『改訂新版 楽天の日々』(古井由吉)を読み終わった。00年代から10年代頃の文章を集めたものです。既読のものもいくつかあるんですが、似たような話題も多いので自分の記憶が正確かはわからない。日記や同時期の文章が並んでいることもあり、この話題があちらにつながったのかなと思われるようなものもいくつかある。
それにしてもというか、当然といえば当然に老いの話題が多い。古井由吉が老いを意識したのは31歳の頃、歯科で指摘されたことがきっかけであることをなにかの年表で読んだことがある。
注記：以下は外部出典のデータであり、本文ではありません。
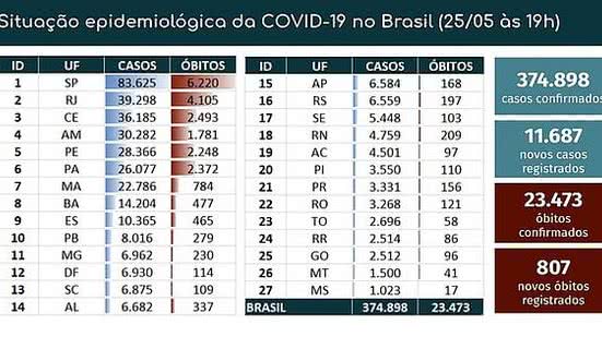 Já em número de casos confirmados, o ranking tem São Paulo (83.62), Rio de Janeiro (39.298), Ceará (36.185), Amazonas (30.282) e Pernambuco (28.366). Entre as unidades da federação com mais pessoas infectadas estão ainda Pará (26.077), Maranhão (22.786), Bahia (14.204), Espírito Santo (10.365) e Paraíba (8.016).

そのときは年表に書かれたその情報を謎に思いましたが、確かに同氏の文章では老いについての話題がよくのぼるので親切ではあるのかもしれない(そうか?)。自分の中に老いがあるということ、自分の中に他者であり、すでにどこか懐かしい感覚であり、見知らぬものがあるということ。
ますかがみ そこなる影に むかひ居て
見るときにこそ 知らぬおきなに 逢ふここちすれ (『拾遺和歌集』)『改訂新版 楽天の日々』370頁
この旋頭歌に触れて、「自分の老いの姿を見る心はたいてこんなものだろう。」と書いている。老人が鏡に向かっていると取る。あるいは、壮年期のものが鏡の中に自分の老いを見出すと取る。わたしは自分の日々の生活があっという間で週末にやっと息継ぎをしているような状態で、なかなか我が身を顧みることもない暮らしをしていると、こういう瞬間がどこでくるのかわからない。それよりも自分から目をそらしているところも多分にありそう。